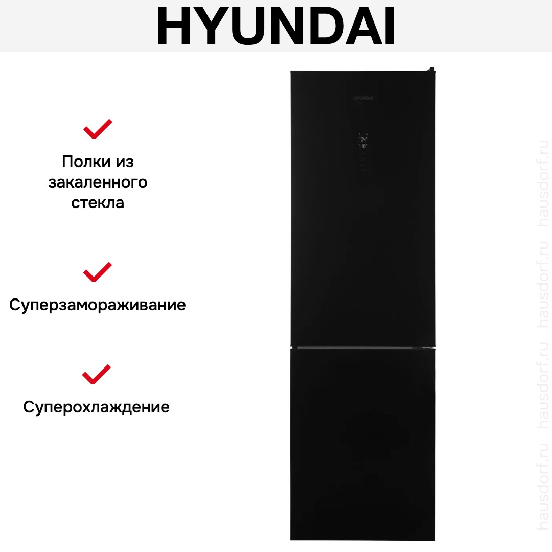 Холодильник Hyundai CC35083F черное стекло — замечательный выбор для всех, кто нуждается в надежном и современном приборе, чтобы обустроить кухню по последнему слову техники.
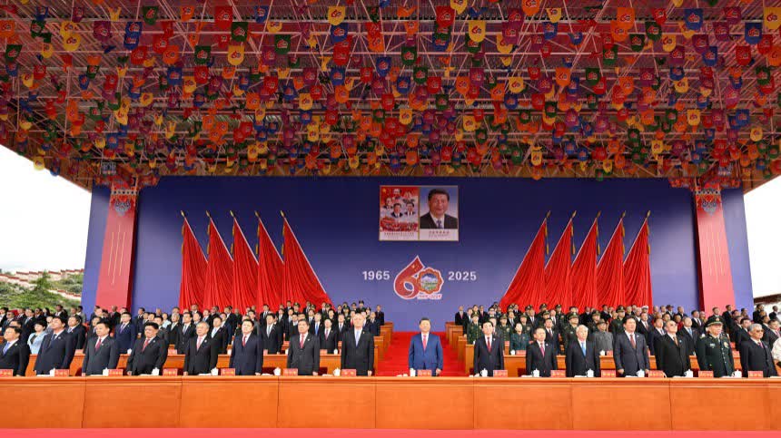 古城拉薩彩旗飄揚,處處洋溢着節日的氛圍。雄偉的布達拉宮下,搭建起藏式風格的大會主席台。主席台上方中華人民共和國國徽和「西藏自治區成立60周年慶祝大會」橫幅十分醒目,背景牆上懸掛着大慶會徽和「1965」「2025」字樣,10面紅旗分列兩側。主席台對面的布達拉宮廣場上,身着節日盛裝的各族群眾從四面八方匯聚到這裏,手中揮動着紅旗,匯聚成一片歡樂的海洋。
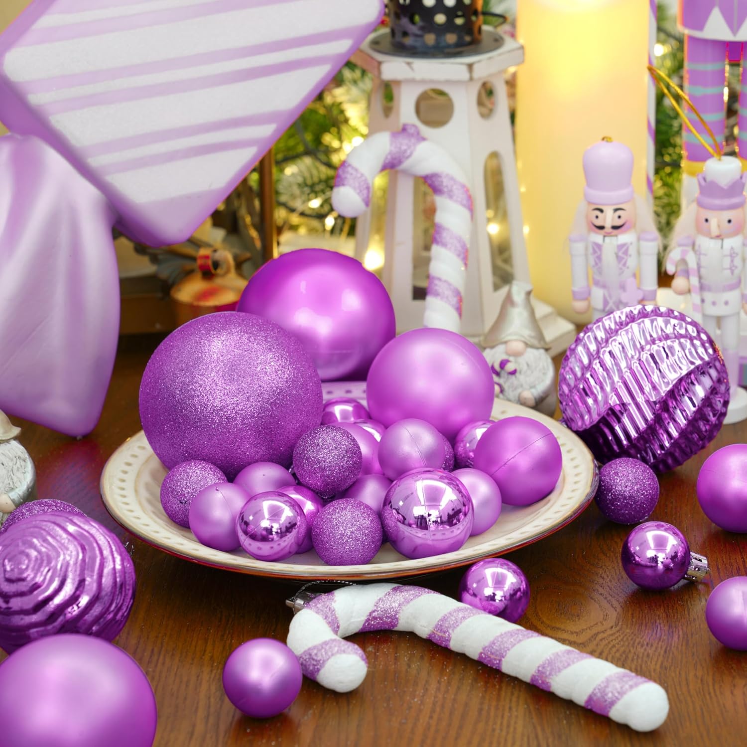 XmasExp 24ct Mini Christmas Ball Ornaments Shatterproof Christmas Ornaments Set Decorations for Xmas Tree Balls 30mm/1.18" (Light Purple)
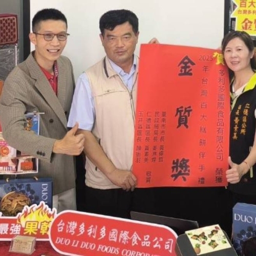 台灣伴手禮再添榮耀!以芒果乾打出市場知名度的多利多國際食品有限公司,於114年榮獲「2025台灣百大糕餅伴手禮金質獎」,不僅展現台灣農產加工的獨特實力,更象徵台灣在地農特產品躍升國際舞台的重要里程碑。
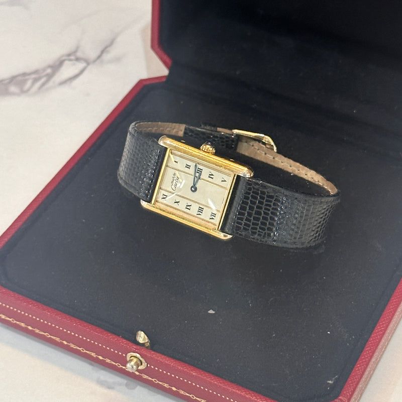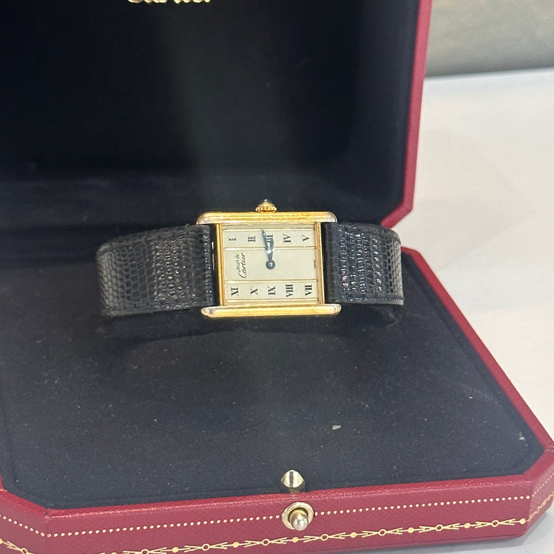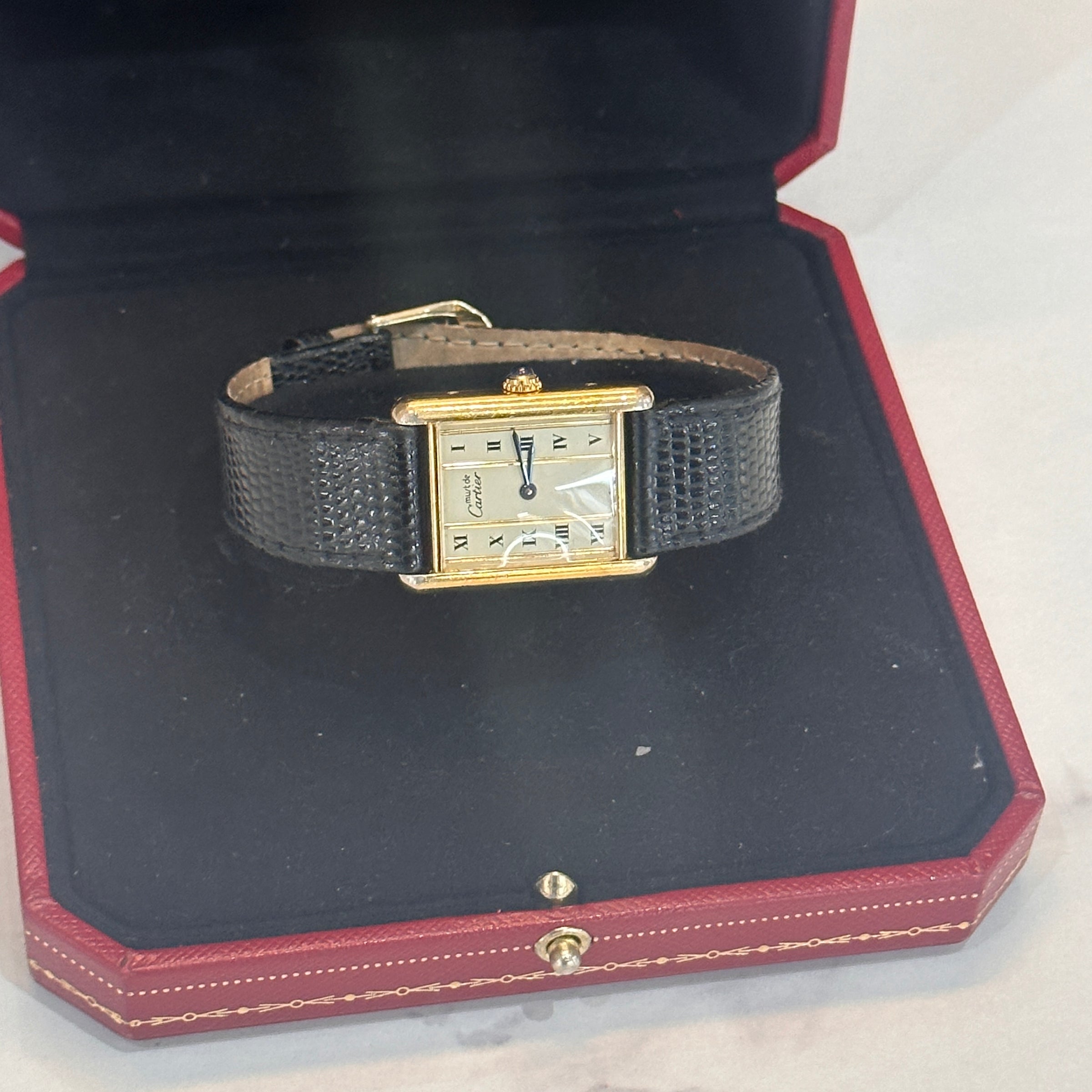 The Women's Must de Cartier Watch in 925 Silver with Gold Plating is a beautiful piece that blends elegance with the luxury of Cartier's craftsmanship. This timepiece typically features a combination of sterling silver (925) and gold plating, offering a timeless aesthetic that works well for both casual and formal occasions. Cartier's Must de Cartier collection is known for its iconic design, often mixing classic features with a modern touch.

WORK TO COMPLETE —
Starting from the first line of the entries above, print each line exactly until the line containing "台灣伴手禮再添榮耀!以芒果乾" has been printed, and skip the pictures.

THE COMPLETED TASK —
 Холодильник Hyundai CC35083F черное стекло — замечательный выбор для всех, кто нуждается в надежном и современном приборе, чтобы обустроить кухню по последнему слову техники.
 古城拉薩彩旗飄揚,處處洋溢着節日的氛圍。雄偉的布達拉宮下,搭建起藏式風格的大會主席台。主席台上方中華人民共和國國徽和「西藏自治區成立60周年慶祝大會」橫幅十分醒目,背景牆上懸掛着大慶會徽和「1965」「2025」字樣,10面紅旗分列兩側。主席台對面的布達拉宮廣場上,身着節日盛裝的各族群眾從四面八方匯聚到這裏,手中揮動着紅旗,匯聚成一片歡樂的海洋。
 XmasExp 24ct Mini Christmas Ball Ornaments Shatterproof Christmas Ornaments Set Decorations for Xmas Tree Balls 30mm/1.18" (Light Purple)
 台灣伴手禮再添榮耀!以芒果乾打出市場知名度的多利多國際食品有限公司,於114年榮獲「2025台灣百大糕餅伴手禮金質獎」,不僅展現台灣農產加工的獨特實力,更象徵台灣在地農特產品躍升國際舞台的重要里程碑。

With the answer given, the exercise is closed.